Frozen sections (5 μm thick) were fixed in acetone at −20°C for 10 min and dried for a few hours before further processing. All antibodies were diluted in PBS containing 1% BSA. The primary monoclonal antibody dilutions were as follows: Troma 1 and 3 (K8 and 19; a kind gift of H. Baribault, Cancer Center, La Jolla, CA) 1:50, Ks 18.04 (K18; Progen) 1:30, RCK 105 and OVTL 12–30 (K7, kindly provided by F. Ramaekers and from Eurodiagnostics) 1:20, Ks 20.10 (K20) 1:10, II- 5F (antidesmoplakin, kindly provided by D. Garrod, University of Manchester, Manchester, UK) 1:10, mAB 121 (antiplectin, kindly provided by R. Owaribe, University of Nagoya, Nagoya, Japan) 1:200, M_M 120-1 (directed against MBs, provided by H. Denk, University of Graz, Austria) undiluted, Z 0458 (ubiquitin), diluted 1:100 (Dako Corp., Hamburg, Germany). FITC-, Texas red-, Cy2- or Cy3 labeled secondary antibodies were diluted as recommended by the manufacturers (Dianova, Medac, both Hamburg, Germany). Primary mouse monoclonal antibodies were detected with subclass-specific secondary antibodies (Medac) to minimize background. Slides were mounted in Mowiol (Calbiochem, Bad Soden, Germany) containing 0.1% Dabco (Sigma Chemical GmbH, Munich, Germany).

Fixation of tissue specimen and staining procedures were performed as described (Mertens et al., 1996; Ruiz et al., 1996).

The K18 targeting vector was constructed from a λ phage harboring K18 genomic sequences and contained 5.9 kb of overall homology (Fig. 1,A). We noted that the targeting vector containing the HPRT minigene in the same orientation as the K18 transcription unit yielded at least 10-fold less colonies than the one in the opposite orientation. ES cells, transfected with the former construct, also produced two- to threefold less HPRT- mRNA than those with the latter. Only colonies derived from the latter were analyzed further. Among 72 colonies analyzed after HAT/ganciclovir selection, nine proved to be positive by PCR and Southern blotting (Fig. 1, B and C). The three clones of HM-1 cells carrying the correctly targeted K18 allele gave 100% germline transmission when injected into BALB/c or C57Bl/6 blastocyts. Chimaeras were bred to BALB/c, Bl/6, 129/Sv, or MF-1 animals. Most results were obtained with intercrosses between 129/Sv and MF-1, or from animals on a 129/Sv background.

Heterozygous K18 males were mated to heterozygous and wild-type females. In all strains tested, the expected frequency of homozygotes was observed at birth. K18 null mice have a normal lifespan compared to wild-type animals. Up to the age of 4 mo, K18 mice of both genotypes were normal as judged by morphological or histological inspection. A consistent feature in 18-mo-old mice was a marked hepatomegaly. There were no other organ abnormalities. This is in contrast to K8 null mice, which suffered from an increased embryonic lethality, possibly due to liver hemorrhage on a C57Bl/6 background. With respect to the findings in K8 null fetuses, it can be concluded that the liver phenotype of the corresponding knockout mice is different. Whereas K8 null mice developed colorectal hyperplasia as adults in the strain FVB/N (Baribault et al., 1993, 1994), no anorectal prolapse was observed in K18 null animals. This highlights that type I and II keratins provide complementary but not identical functions.
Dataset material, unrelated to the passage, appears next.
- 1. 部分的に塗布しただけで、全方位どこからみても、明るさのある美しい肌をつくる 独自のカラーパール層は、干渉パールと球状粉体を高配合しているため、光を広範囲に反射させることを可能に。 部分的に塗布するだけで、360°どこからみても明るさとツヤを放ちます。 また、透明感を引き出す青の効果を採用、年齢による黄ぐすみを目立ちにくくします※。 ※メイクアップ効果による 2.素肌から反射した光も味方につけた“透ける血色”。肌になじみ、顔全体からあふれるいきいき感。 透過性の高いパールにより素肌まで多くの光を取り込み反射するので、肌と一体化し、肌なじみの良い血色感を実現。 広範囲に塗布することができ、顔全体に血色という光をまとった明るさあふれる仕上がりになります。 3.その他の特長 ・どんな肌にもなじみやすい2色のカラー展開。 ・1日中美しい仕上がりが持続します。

In hepatocytes of adult liver, K18 and its type II partner K8 are the only two keratins expressed. Given that 50% of K8 knockout mice suffered embryonic lethality at day 12 and displayed liver hemorrhage, one might have suspected a similar phenotype in K18 null mice. To analyze whether a null allele had been generated, we tested total protein or cytoskeletal extracts from normal and K18 null mice for keratin expression by SDS-PAGE and Western blotting with specific keratin antibodies. No K18 was found in any of the protein extracts examined, indicating that the knockout for K18 was complete. Also, K8 was absent in hepatocytes of K18 null mice (Fig. 2) in agreement with the rapid degradation of single keratins in the absence of a partner keratin (Domenjoud et al., 1988; Kulesh et al., 1989; Magin et al., 1990). The absence of functional K18 was also confirmed by Western blotting with the broad range antibody IFA (not shown; Pruss et al., 1981), which binds to the COOH-terminal end of keratin rod domains (Magin et al., 1987). The amounts of K18 and its partner K8 as judged by SDS-PAGE analysis were slightly reduced but present in equimolar amounts in heterozygotes, indicating that in vivo the steady-state amount of keratins is determined by that of its corresponding partner (Fig. 2).
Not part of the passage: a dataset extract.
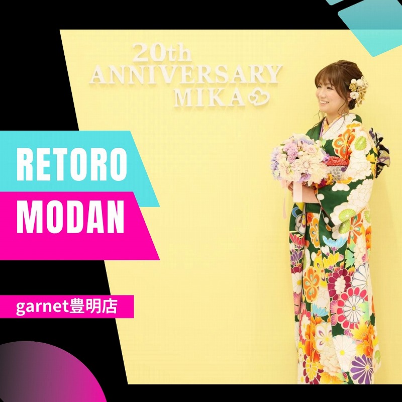 この記事では、レトロモダン柄の振袖を

When total RNA prepared from normal and K18 null mouse livers was probed for the expression of K8 and 18, the mRNA for K18 was absent (Fig. 3), confirming the Western blot results. The mRNA level for K8 was unaltered. In agreement with findings from K8 null mice (Baribault et al., 1994), where the converse was found for K18 mRNA, we concluded that K8 and 18 are regulated independently at the transcriptional level, despite their close chromosomal localization (Waseem et al., 1990).

To examine other potential consequences of K18 ablation, we analyzed mRNA and protein expression in tissues with a more complex keratin expression pattern. The Northern blot analysis (Fig. 4) showed that, apart from the loss of K18, the level of K7, 8, 19, and 20 mRNAs remained largely unaltered. We noted a particularly strong expression of mouse K20, which was by far the most prominent keratin mRNA among those investigated. Interestingly, the high level of mRNA did not correlate with the low and rather restricted expression of the corresponding protein (not shown).

In cryosections of K18 null mouse liver, up to the age of 4 mo, we noted the complete absence of keratins by indirect immunofluorescence, in line with results from Northern and Western blotting. Histological analysis revealed the presence of small necrotic foci in liver sections from K18 null mice (Magin, T.M., unpublished observations). Our analysis included a panel of monoclonal antibodies and two polyclonal antisera directed against simple epithelial keratins, all of which failed to stain hepatocyte IF (Fig. 5). In control sections, antibodies to K8 and 19 strongly labeled bile duct epithelia known to express K7, 8, 18, and 19 (not shown). Here, the K8/19 staining was predominantly luminal, in agreement with a recent report on the participation of K19 in the formation of the apical cytoskeleton in cultured epithelial cells (Salas et al., 1997).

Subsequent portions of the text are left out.